Defined Sections and Appropriate Placement: There is a noticeable overlap of content throughout the manuscript, with methods detailed in the results and discussion sections and results interspersed within the discussion. A more precise delineation and structuring of content according to the designated sections would aid in the reader’s comprehension and the logical flow of the manuscript.

Detailing and Specificity: Several instances across the introduction, methods, and results sections indicate a need for more specificity and detailing. Clarifications on commercial factors leading to trial uninformativeness, confidentiality measures, feature selection, user testing methods, and annotation processes would contribute to a more thorough and transparent representation of the research conducted.

User-Friendly Presentation: Given the technical nature of the tool developed, ensuring a user-friendly presentation of information, such as clear and well-ordered tables, is essential. Addressing inconsistencies in table presentation and providing narrative explanations for significance and implications would enhance the manuscript’s accessibility and impact.

Minor comments:

Abstract: The sentence has a grammatical error: “The tool is focused HIV and tuberculosis trials but could be extended to more pathologies in future.”

Introduction: The acronyms "AI," "HIV," and "PDF" were not spelled out upon their first mention in the text. To ensure clarity and accessibility for all readers, consider providing the full forms of these acronyms at their initial appearance.

Methods: Including a flow diagram of the methods would significantly enhance the reader’s understanding of the research process and contribute to the overall clarity of the manuscript. The acronym "AACT" was not spelled out upon its first mention; provide the complete form of this acronym; please double-check other abbreviations.

Figures and Tables: For ease of reference and a smoother reading experience, it is suggested that tables and figures be presented immediately after they are referenced in the text. This adjustment will prevent readers from having to search through the manuscript and will contribute to a more organized and user-friendly presentation.

In conclusion, the manuscript under review presents a commendable effort in addressing the crucial issue of clinical trial uninformativeness through the development of a novel tool. The application of natural language processing in identifying and quantifying risks associated with trial protocols exhibits significant potential to enhance the quality of clinical research. However, a prominent area of concern is the lack of adequate user testing reported in the manuscript. While the authors have undertaken meticulous training and validation of the tool, the inclusion of thorough user testing is paramount to ensuring the tool’s efficacy, user-friendliness, and practical applicability in real-world scenarios. Further, it is imperative that the authors undertake comprehensive testing of the tool, beyond training and validation, to affirm its reliability and robustness. Addressing these aspects, along with the aforementioned comments on clarity, organization, and minor adjustments, will significantly contribute to the manuscript’s coherence, impact, and overall quality, ultimately aiding in the realization of its potential to improve the landscape of clinical trials.

Are the conclusions about the tool and its performance adequately supported by the findings presented in the article?

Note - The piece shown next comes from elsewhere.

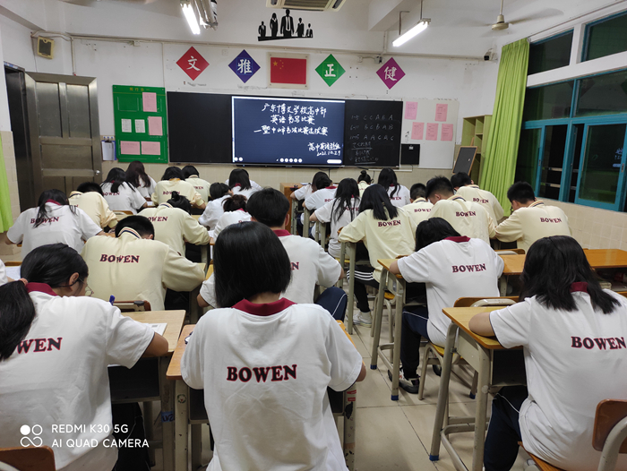为了提高全市高中学生的英语书写能力,中山市教研室英语科将于11月19日进行一年一度的全市高中学生书写选拔赛。广东博文学校高中部也利用这一重要契机加强对我校高中学生英语书写的训练和检测,英语科组于2021年10月份先组织全体班级同学参加,再精选出每个年级的书写优秀的前15名同学再次进行第二轮筛选。

Is the rationale for developing the new software tool clearly explained?

Yes

Is the description of the software tool technically sound?

Yes

Are sufficient details of the code, methods and analysis (if applicable) provided to allow replication of the software development and its use by others?

Is sufficient information provided to allow interpretation of the expected output datasets and any results generated using the tool?

Reviewer Expertise:

Clinical research in neurological disorders, primarily Alzheimer's and related dementias, clinical research informatics, NLP systems adoption to improve clinical research, clinical research recruitment, protocol development

I confirm that I have read this submission and believe that I have an appropriate level of expertise to confirm that it is of an acceptable scientific standard, however I have significant reservations, as outlined above.